What is truly amazing about Oliveira is that he scripted and directed one film per year through the 1990s—quite an accomplishment for an octogenarian/nonagenarian. His 1999 film, A Carta, a contemporary updating of Madame de Lafayette's seventeenth-century novel La Princesse de Cleves, is the story of a young married beauty of noble background and her plight upon finding herself attracted to another. Here, Oliveira acutely examines the eternal conflict between desire and honor, carnality and spirituality, and what is temporary and what is lasting. Various characters die, and the filmmaker ruminates on the impact of death, and how those who have passed on are remembered by those who remain. As with his other work, Oliveira fills the film with long, lingering takes that allow the viewer to observe what is on the screen, which serves as the filmmaker's canvas. Those less patient may feel that A Carta is too slow-moving; those more diligent will find views and ideas that are well worth pondering.
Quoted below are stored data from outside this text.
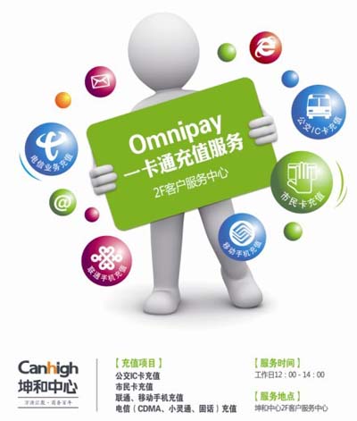 坤和中心与杭州市民卡、公交IC卡、自行车租用系统的开发公司合作,推出OmniPay一站式便民服务系统充值新服务,服务点位于坤和中心2F客服中心,现已开通的充值服务有:杭州公交IC卡充值,市民卡充值,浙江移动、浙江联通手机充值和电信(CDMA、小灵通、固话)充值等,于每个工作日的12:00-14:00向租户开放使用。
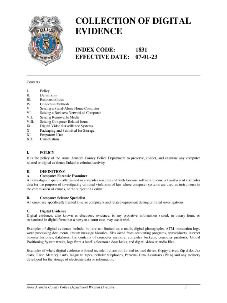 COLLECTION OF DIGITAL EVIDENCE INDEX CODE: EFFECTIVE DATE:1831 070123Contents I. II. III. IV. V. VI. VII. VIII. IX. X. XI. XII. Policy Definitions Responsibilities Collection Methods Seizing a StandAlone
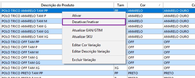 4. Clique com o botão direito sobre a variação que deseja inativar e selecione a opção Desativar/Inativar.
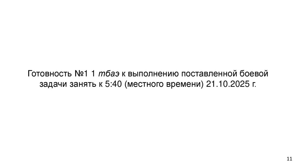 Готовность №1 1 тбаэ к выполнению поставленной боевойзадачи занять к 5:40 (местного времени) 21.10.2025 г.
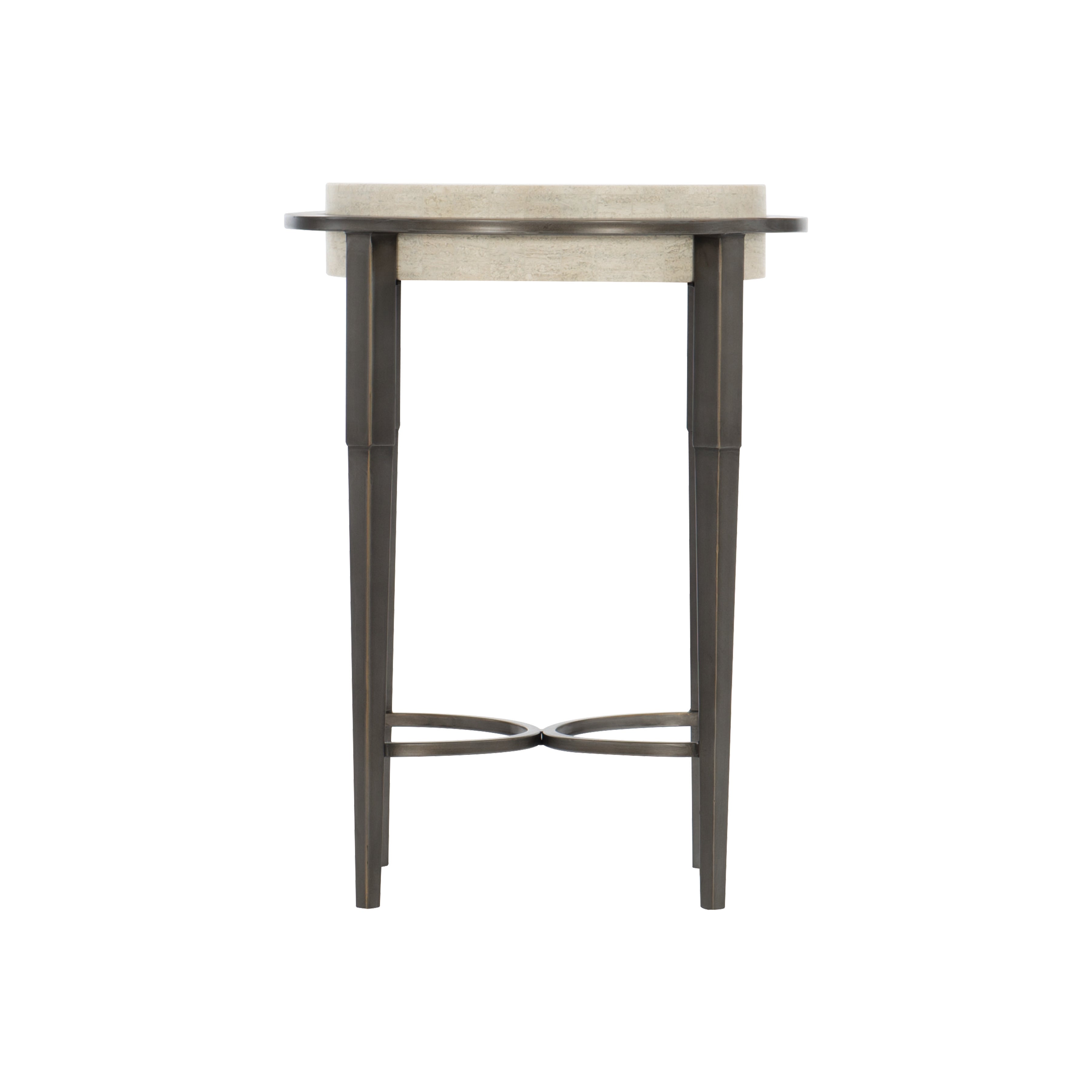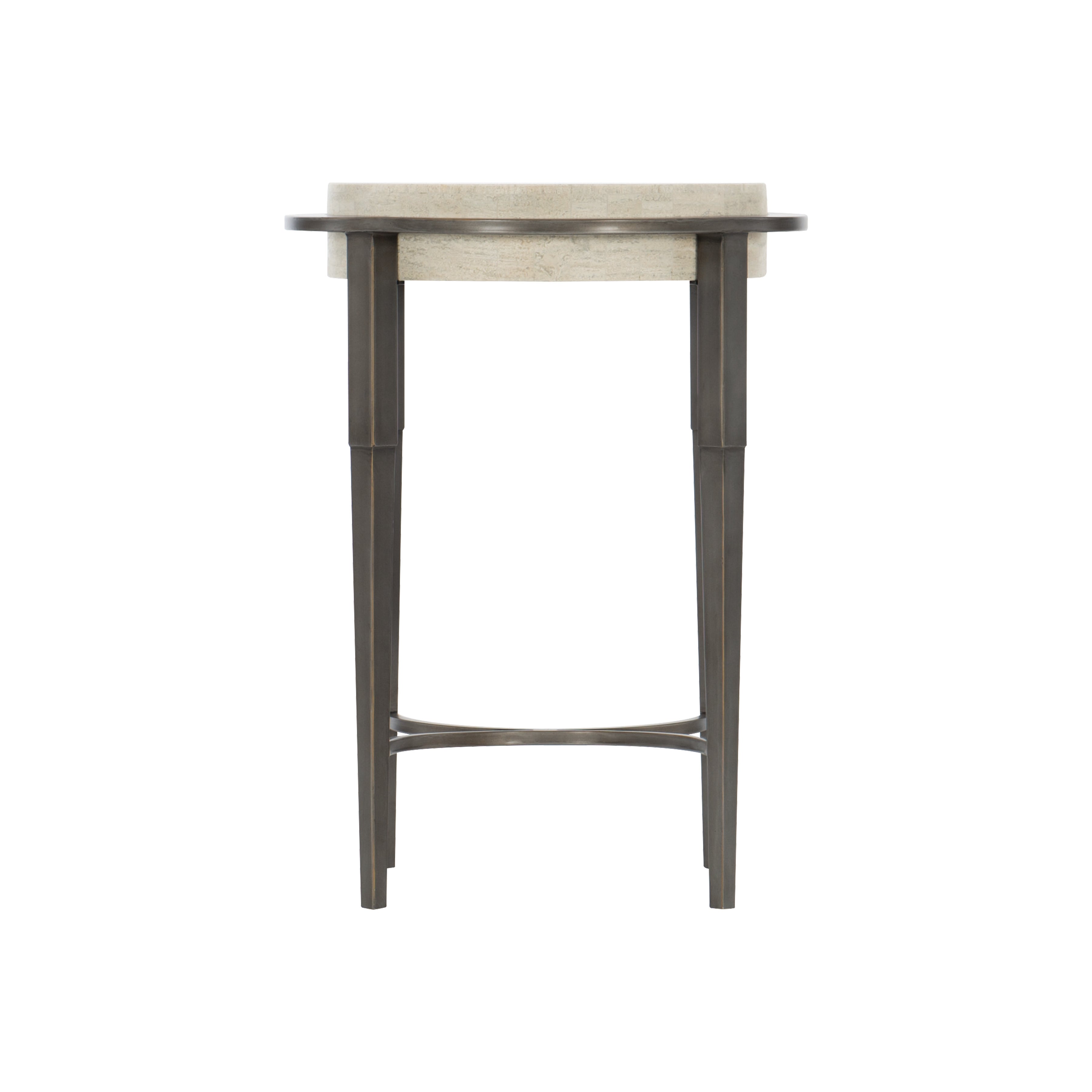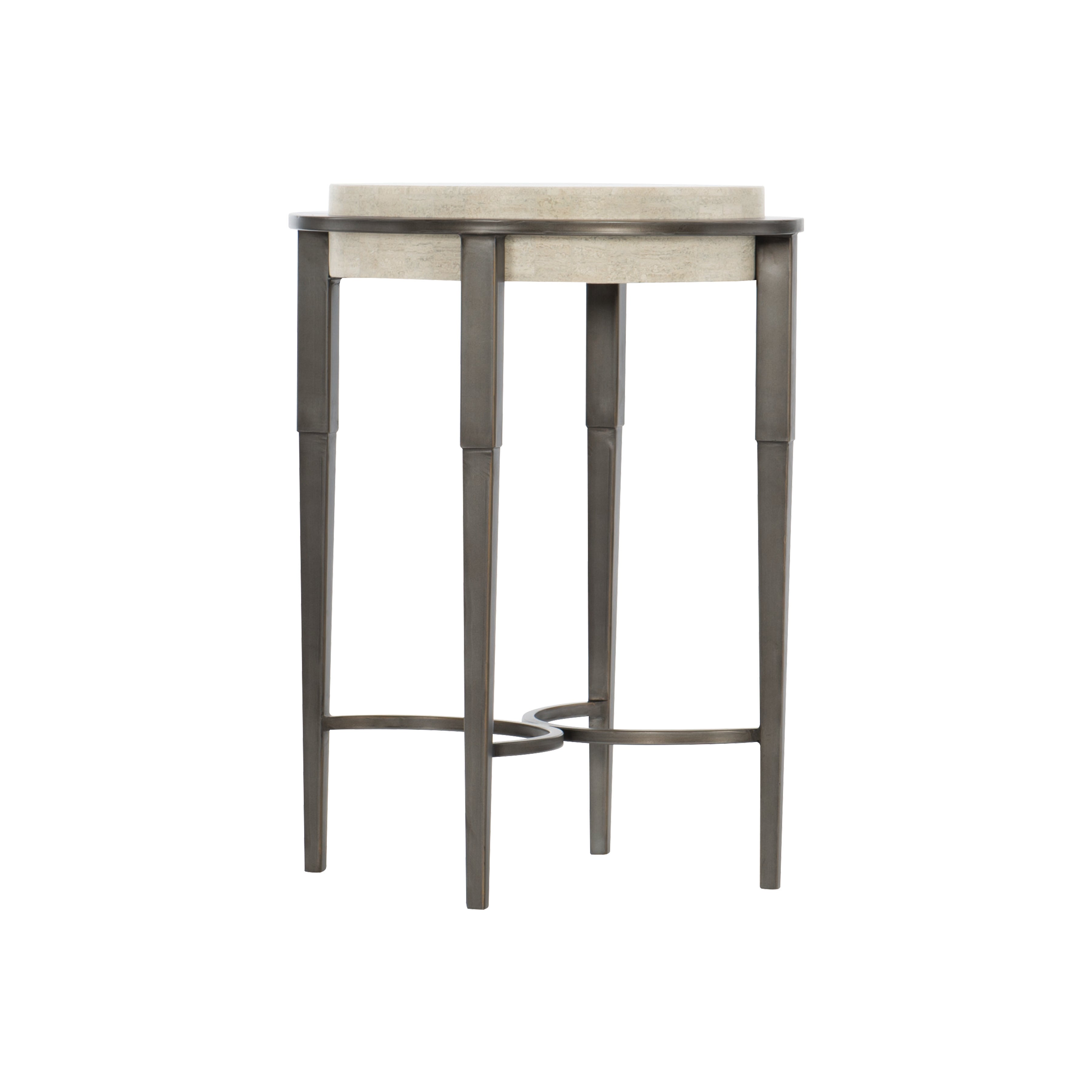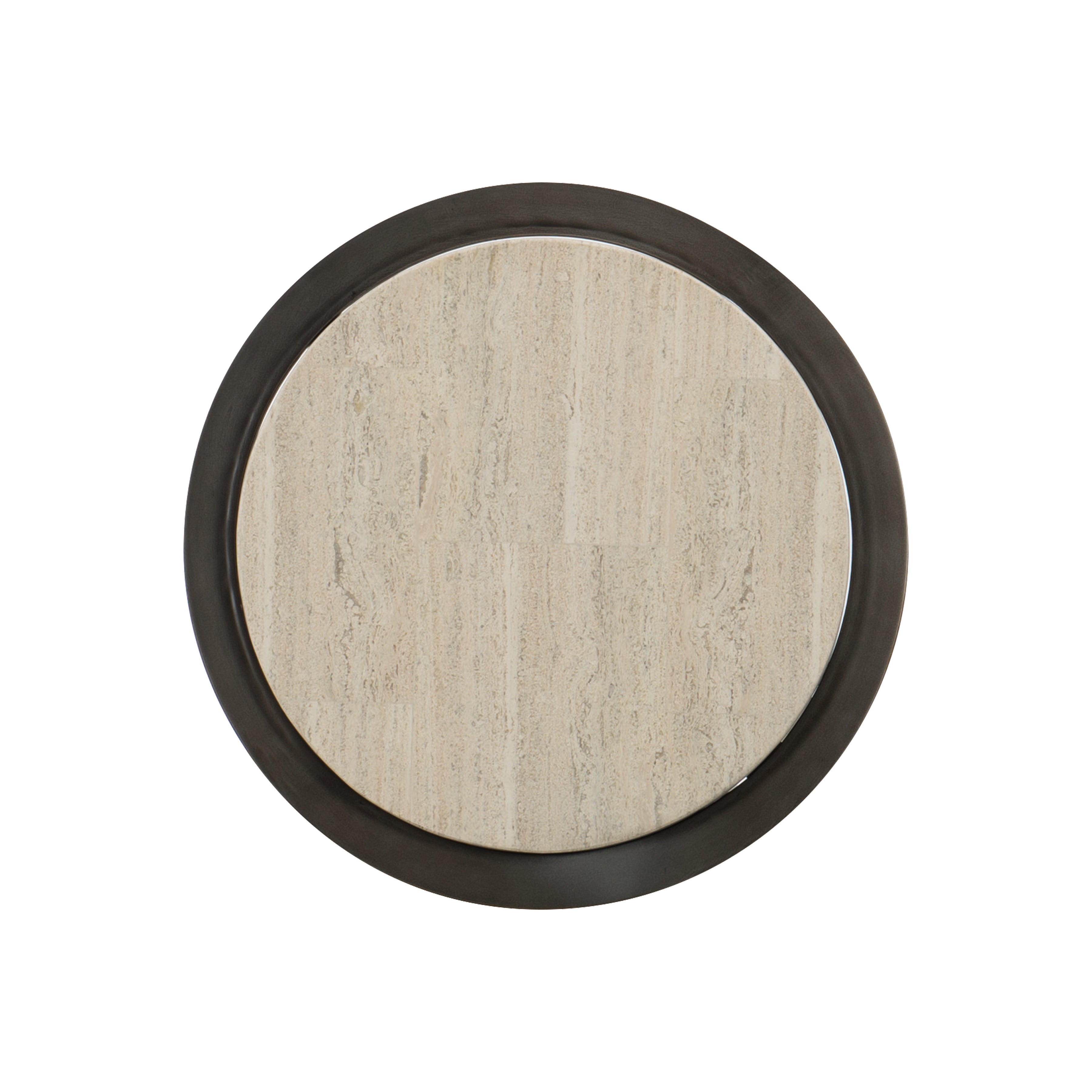Inset honed White Travertine stone top (unsealed).Plated steel base.Antique Pewter finish.Adjustable glides.
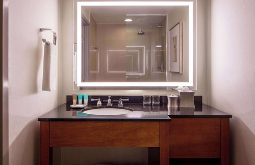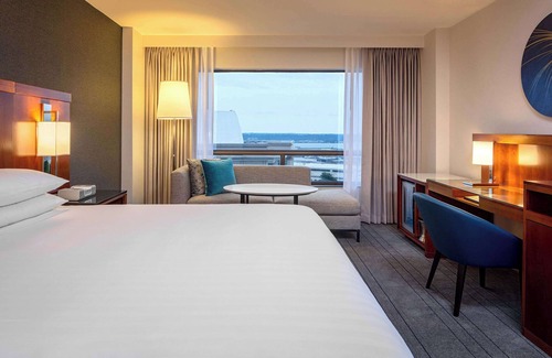 Hyatt Regency Crystal City offers 686 accommodations with iPod docking stations and laptop-compatible safes. Beds feature pillowtop mattresses. 32-inch LED televisions come with premium satellite channels, first-run movies, and pay movies. Refrigerators and coffee/tea makers are provided. Bathrooms include bathtubs or showers with rainfall showerheads, designer toiletries, and hair dryers.
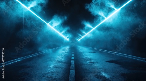 A smoky, dark scene with blue spotlights and neon rays illuminating the empty asphalt street. Light beams pierce through the darkness.
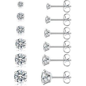 6 Pairs Stud Earrings Set, Hypoallergenic Cubic Zirconia 316L Earrings Stainless
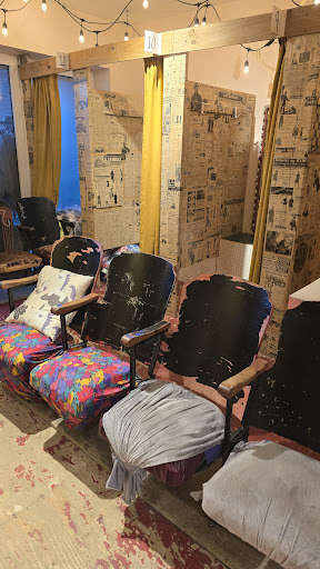 Upstairs there's a men's section, varies from plaid shirts/button ups, shoes, hat's,/caps, jackets, sweaters, and bottoms. There's a small nook by the window for eating and across the floor there's a couple couches and sofas to relax, play some games and eat.
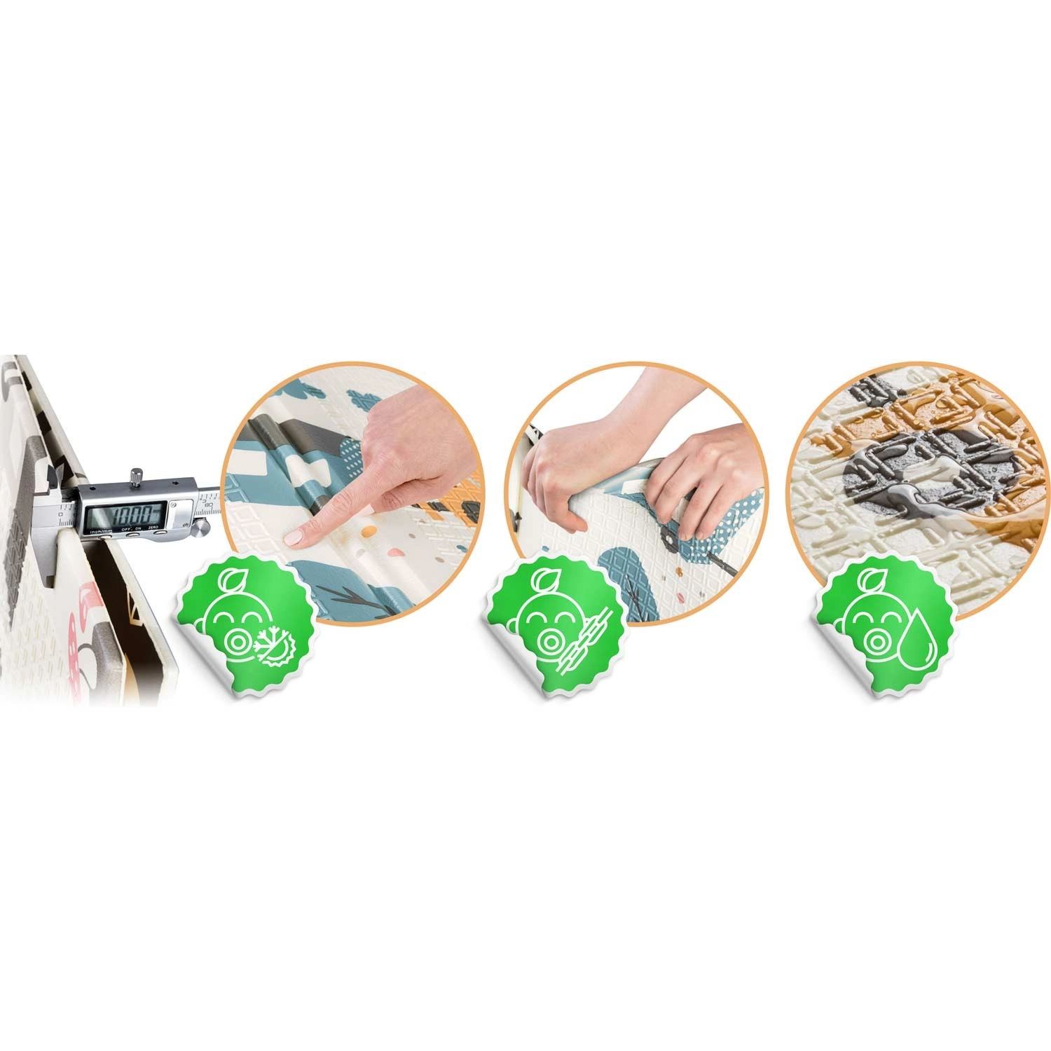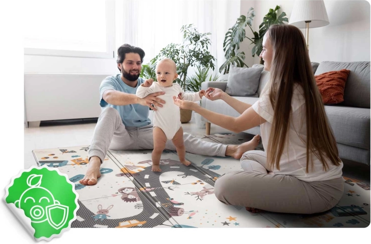 Hustá pěna XPE s protiskluzovou texturou chrání při pádech, izoluje od chladu a poskytuje stabilní povrch pro první krůčky.

Perhaps Oliveira's most revealing late-1990s film is Viagem ao principio do mundo, a poignant, thoughtful road movie. Oliveira tells the story of a wise, aging filmmaker named Manoel (an elderly looking and aptly cast Marcello Mastroianni, in one of his final screen appearances), who remembers his past while traveling by car with several associates and stopping at different sites. The character Manoel surely speaks for the octogenarian filmmaker when he observes, "The mind is fine, but the wrapping deteriorates." And the character mirrors his creator in that his mind is forever active, and he is constantly thinking, recollecting, and philosophizing. "I am over the hill," the on-screen Manoel observes. "I am lame and old. . . I am not a masochist, but I remember when I was an innocent child." Later on, he poetically notes, "Memory is a landslide in a dreaming heart." Oliveira fills the film with subjective shots of the countryside as it appears from the car window; these images serve to offer a view of Manoel's world as seen by Manoel. But the filmmaker is not the lone sage character. One of Manoel's companions reflects Oliveira's worldview when noting, "Life is what it is, and death never fails."
Viagem ao principio do mundo is a meditation on the essence of life. It is crammed with wisdom regarding memory and the past, youth and old age, women and the nature of physical attraction, transgression and admitting transgressions, and, most touchingly, the passing of time and life's transitions.